Based on the data provided, (a) the dimensions of each compartment are 21.3 m x 21.3 m x 21.3 m ; (b) impeller diameter = 0.852 m ; (c) the power input per compartment is 12.4 kW ; (d) the rotational speed of each turbine = 1170 rpm.

a. Dimensions of each compartment assuming they are cubes (m):

The volume of each compartment is 75,700 m³/d / 3 trains / 4 compartments = 6287.5 m³.

The side length of a cube with this volume is ∛6287.5 m³ = 21.3 m.

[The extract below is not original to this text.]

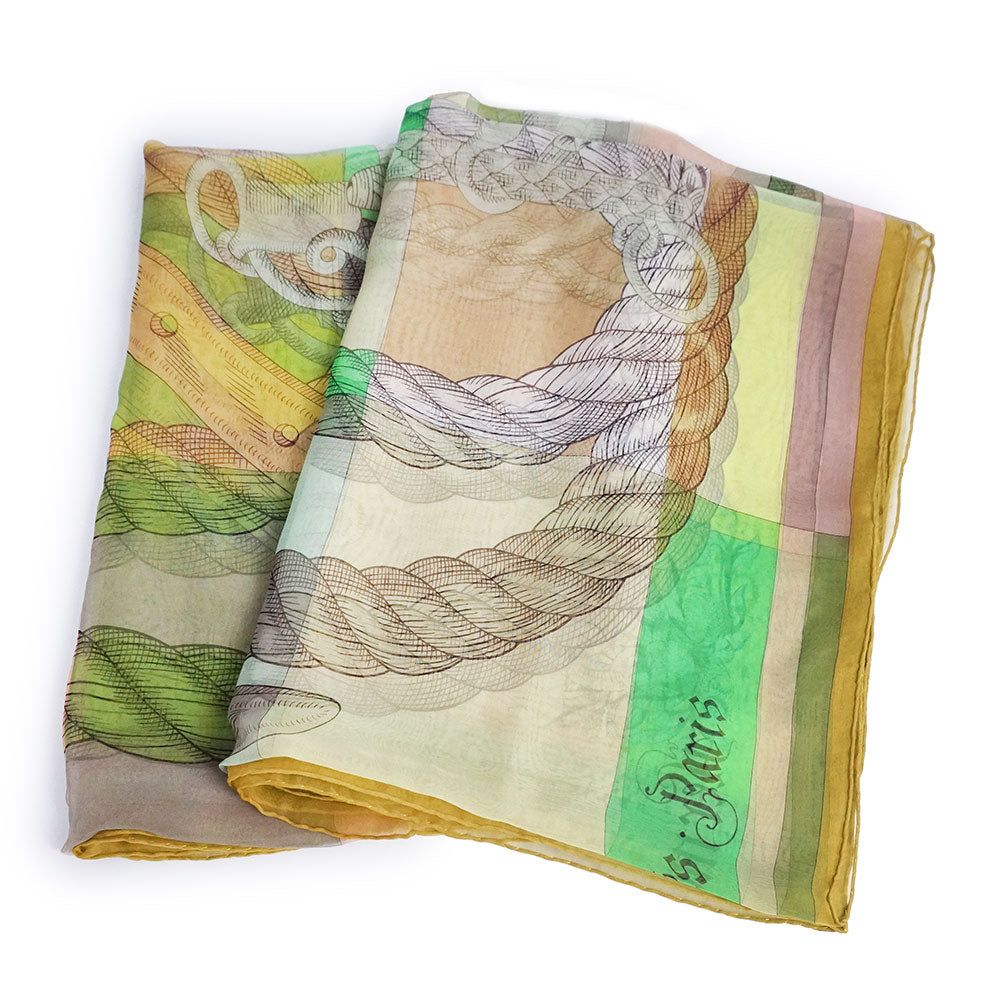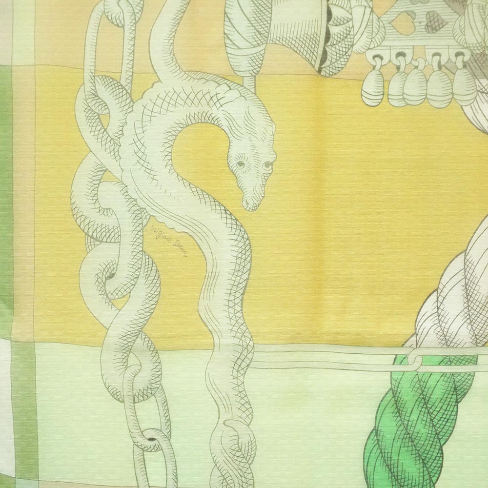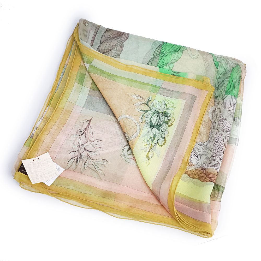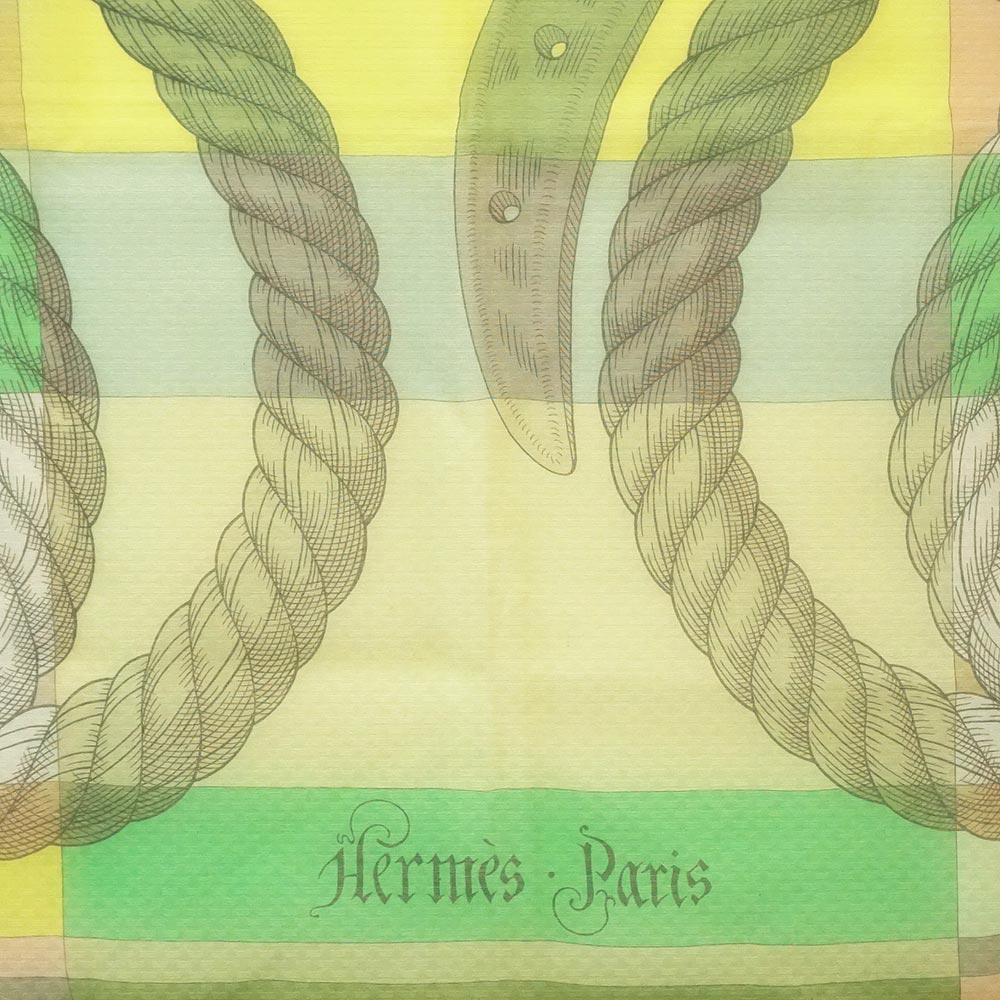 【新品・未使用品】エルメス HERMES カレジェアン 140 モスリン Della Cavalleria デッラ カヴァッレリア スカーフ ショール ストール シフォン シルク100% ヴェールアブサン グリーン イエロー 箱付

Therefore, the dimensions of each compartment are 21.3 m x 21.3 m x 21.3 m.

b. Impeller diameter (m):

The impeller diameter is 0.4 x effective tank diameter = 0.852 m.

c. Power input per compartment (W):

The power input per compartment is given by the following equation:

Power = (u x ρ x D² x N² x G)/2

where:

* u = fluid viscosity (1.002 x 10-³ kg/(m-s))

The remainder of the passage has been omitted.